To those knowing me well enough of what I have come through, I took a certainly distinctive route of career, which till this moment I remain unsure of. But the more I grow, the more I believe it is predestined, and people who cross path with me all serve their purpose.
Vaguely can I recall the days before the high-school graduation, which appears like such hazy too-good-to-be-true occurrences. Things've only seemed so clear since my enlistment, like the way it forced me to fend for myself and beware how to adapt to the current situation. Without doubt, there is so much to be done, and the farther I continue, the more I steer away from the person I used to be years ago. I feel like "we" are still connected by memories and consciousness, but nothing else is within touch.
During my later internship at an artillery unit, I came across people with core values so different from mine. They put emphasis on how to survive and satisfy their basic needs, and while their means seem so crude, their spirits of gaining for themselves are remarkable. By this way I learn to force my wills to the outside, and upon others.

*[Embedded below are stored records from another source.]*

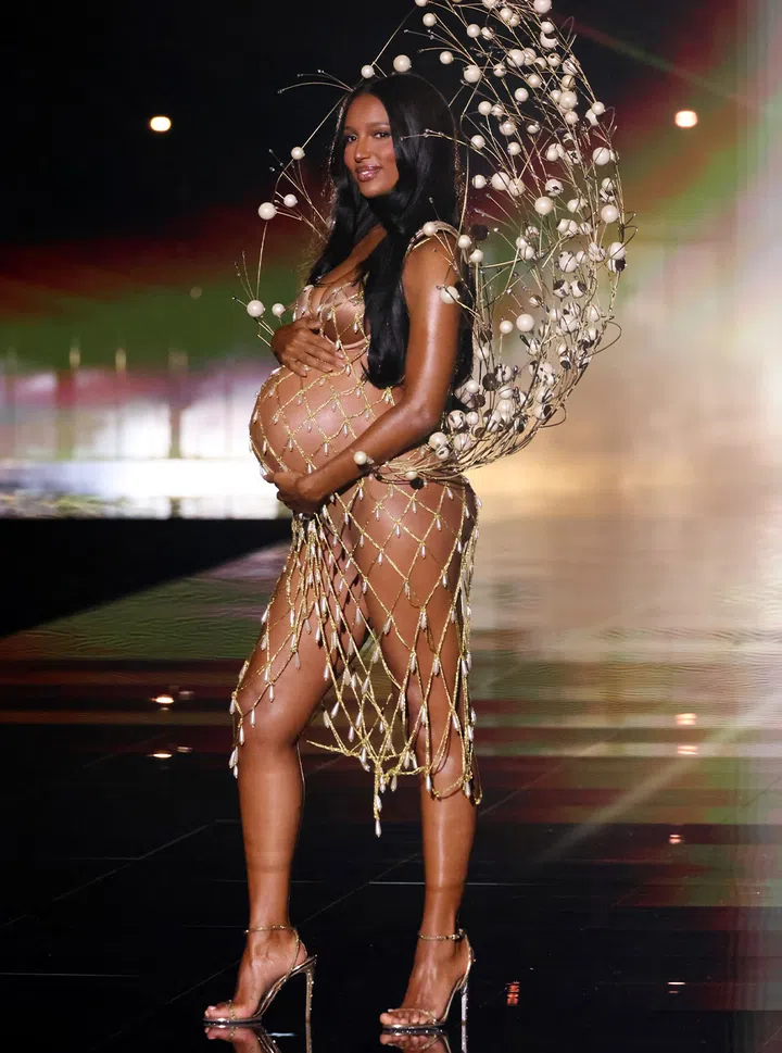 Californian-born model Jasmine Tookes made a powerful return to the runway. This time for two. Nine months pregnant, she opened the show glowing in a gold fishnet dress that highlighted her baby bump. At the end of the runway, she paused to cradle her stomach, radiating confidence, beauty, and pure maternal energy.
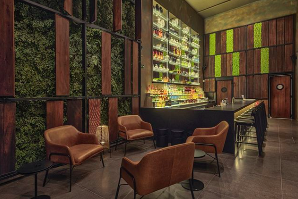 O amplo ambiente projetado por Otavio de Sanctis é elegante e sofisticado, com predominância de elementos naturais como madeira, pedra e água. O espaço é dividido em salão principal com sushi bar; deck com teto retrátil; mesa do chef; bar para espera; e mezanino para eventos. A decoração ficou sob a tutela de Selma de Sá, do Studio SA Arquitetura.
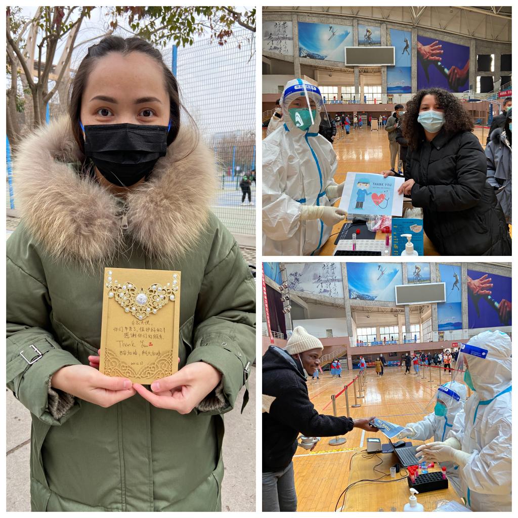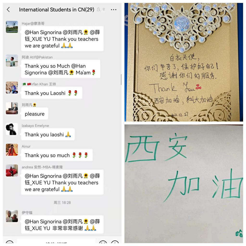 全球疫情蔓延,留學(xué)生們紛紛表示,中國是最安全的地方、學(xué)校是最保險的區(qū)域。來自哈薩克斯坦的博士研究生Ainur(愛琳)制作的精美手卡,寫道:“白衣天使,你們辛苦了!保護好自己,感謝你們得服務(wù)?!笨吹结t(yī)護人員每天從早到晚為大家做核酸,不知如何表達感激之情的留學(xué)生們,用稚嫩的筆觸、青澀的口吻,真情流露。國際處的老師時常提醒他們注意防護,保持積極的心態(tài)。說到過年是否回國,他們大都表示會在陜過年。比起回家,留在中國,留在學(xué)校,更安全。
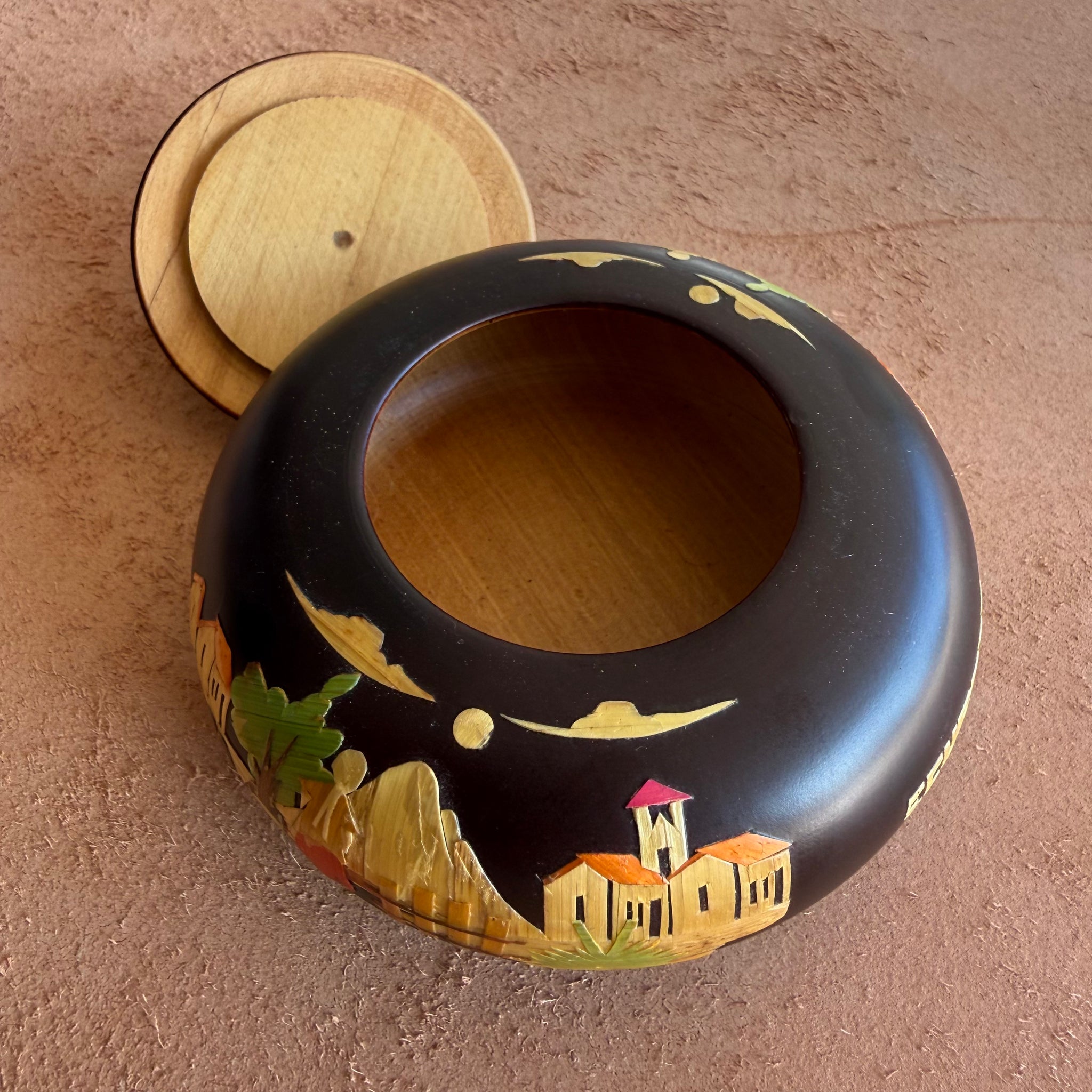 This handmade wood jar is a great way to store your rings, coins, and small items in your desk. It is a great representation of Ecuador. All the details and designs are done in wood. Great Decor!

Back to these recent days when I got the chances to hang out with students from medical university, I feel like my focus on literate subjects and the method of spending time wisely have shone upon me yet again. It struck me again about how passionately I used to dig into the realms of knowledge and got so absorbed in finding something new. After all, the feeling of literacy is indescribably thrilling.
I wonder how I can integrate, if not all, most of my aspects into my striving. Most importantly, how can I get contented beyond the uneasy concern that my life would be so contrasting should I have taken another route? I guess the answer lies in the frame of mind I'm capable of maintaining.